I have made an unsolicited promise to my editor that I will never ever mention the looming arrival of my kid in the column. It's a rule I'll break eventually, but, well, you've got to exercise some discipline. (Except here, of course, where I can bang on about the topic all the time. Ha!)
I'm not sure why I made this commitment. I think it's because I know at some deep level that my family is not as Universally Fascinating as I am currently being rewired by my own endochrinology to believe. Of course, computers aren't either - but that's okay, because those of us who are deluded into loving them are in a minority. So I still feel I'm catering to an underappreciated taste, which is the next best thing to being tasteful.
The other reason is because no matter how much I write, I'll never be as good at discussing parenthood as my friend Juliet Jones, whose chaotic, mournful, celebratory and hilarious cries for help live on an obscure site in the middle of the Web, instead of the front page of the Women's bit of the Guardian, or wrapped up in a best-selling book, or plastered in mile-high letters at the North Pole, or something.

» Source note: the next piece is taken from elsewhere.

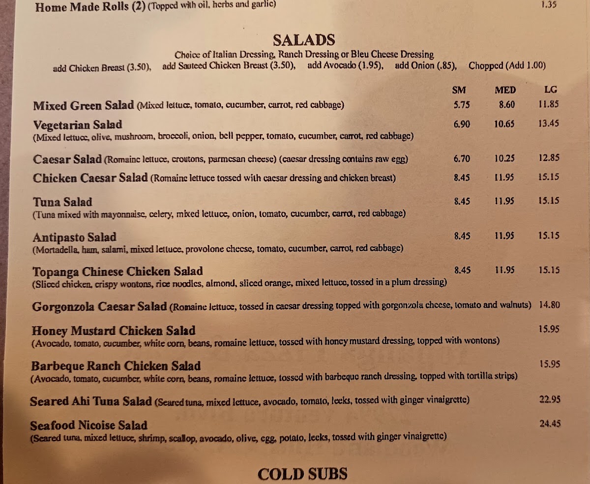 The menu features standout offerings such as the Topanga Vegetarian Special and Falling Rock pizza, both bursting with fresh ingredients and rich flavor profiles. For sub lovers, the Monster Sub and Chicken Parmigiana Sub are crowd favorites, delivering hearty portions and comforting tastes.
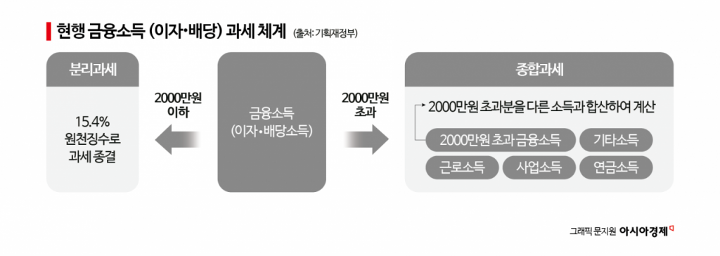 기획재정부는 31일 발표한 2025년 세제개편안을 통해 고배당기업으로부터 받은 배당소득에 대해 종합소득세에서 분리과세하는 세제 특례를 2026년부터 도입한다고 밝혔다. 현행 배당소득 과세 체계에서는 이자소득과 배당소득을 합산한 금융소득이 연간 2000만원 이하일 경우 15.4%(소득세 14% + 지방소득세 1.4%) 세율로 원천징수해 분리과세한다. 하지만 이 기준을 초과하면 초과분은 근로·사업소득 등과 합산돼 소득구간별로 종합소득세율(6.6~49.5%)이 적용된다.

One of the reasons why I hate columns about parenthood is you just know that the writers are mincing everything to make a good story - convey that they're a good parent. Even the "my life is chaos!" pieces you get in the funny papers are junking the truth for a joke. Juliet's pieces are bone-jarring honest.
Billie is a "lie in bed and yell till someone comes merchant". Olly on the other hand, arrives like some dishevelled traveller carrying his most important possessions (pillow, toy, book) and sobs by the side of the bed. The Zombies to his Witchdoctor influence we rise, make room for him and one or other of us wanders off to find a new place of rest. One of the most bizarre and Kafkaesque stories I heard of nighttime waking was from a guy who did some plumbing work here. He said that every night his child comes into their bedroom, wakes them up and asks them to take him back to bed. Talk about playing with your mind.
The consume.net mailing list folk have spotted a bargain: British branches of PC World are selling the SMC 2632 PCI WiFi Card for £49.95, which is about half the standard price. And, coincidentally, just two-thirds of the monthly subscription for BT's new WiFi hotspot service. BT either have no idea about competitive pricing, or no idea about how to roll out a cheap network. Maybe both.
A random mail from a random someone asking for advice.
Dear Sir, Imlooking for advice, & i went onto the net to seek it, please can you help me? my son had an accident, & i was put in touch with a solicitor...... and it looks like the solicitor might have taken more than their fair share (or at least not explained the process well enough for their client to understand).
I don't know jack about what to do about this, so I told this man what I would do. I'd find the local Citizens Advice Bureau, and ask them. I googled for a bureau near him, and sent him the URL and phone number.
Mail like this arrives about once every six months. Last time it was a woman in a Pakistani cybercafe asking about her brother. He'd run away to Britain and she hadn't heard from him since. We tracked him down to a prison in the north of England. I found out the address and phone number for her - again not much, but something.
Cory talks about using spare brain-cycles across the planet to solve problems. I think this is the closest I get. Not that my brain-cycles are that precious anyway. I'm wasting them right now, thinking too much about the strangeness of one word: bureau. We don't start bureaux enough these days. We need to start the Distributed Bureau of Investigation.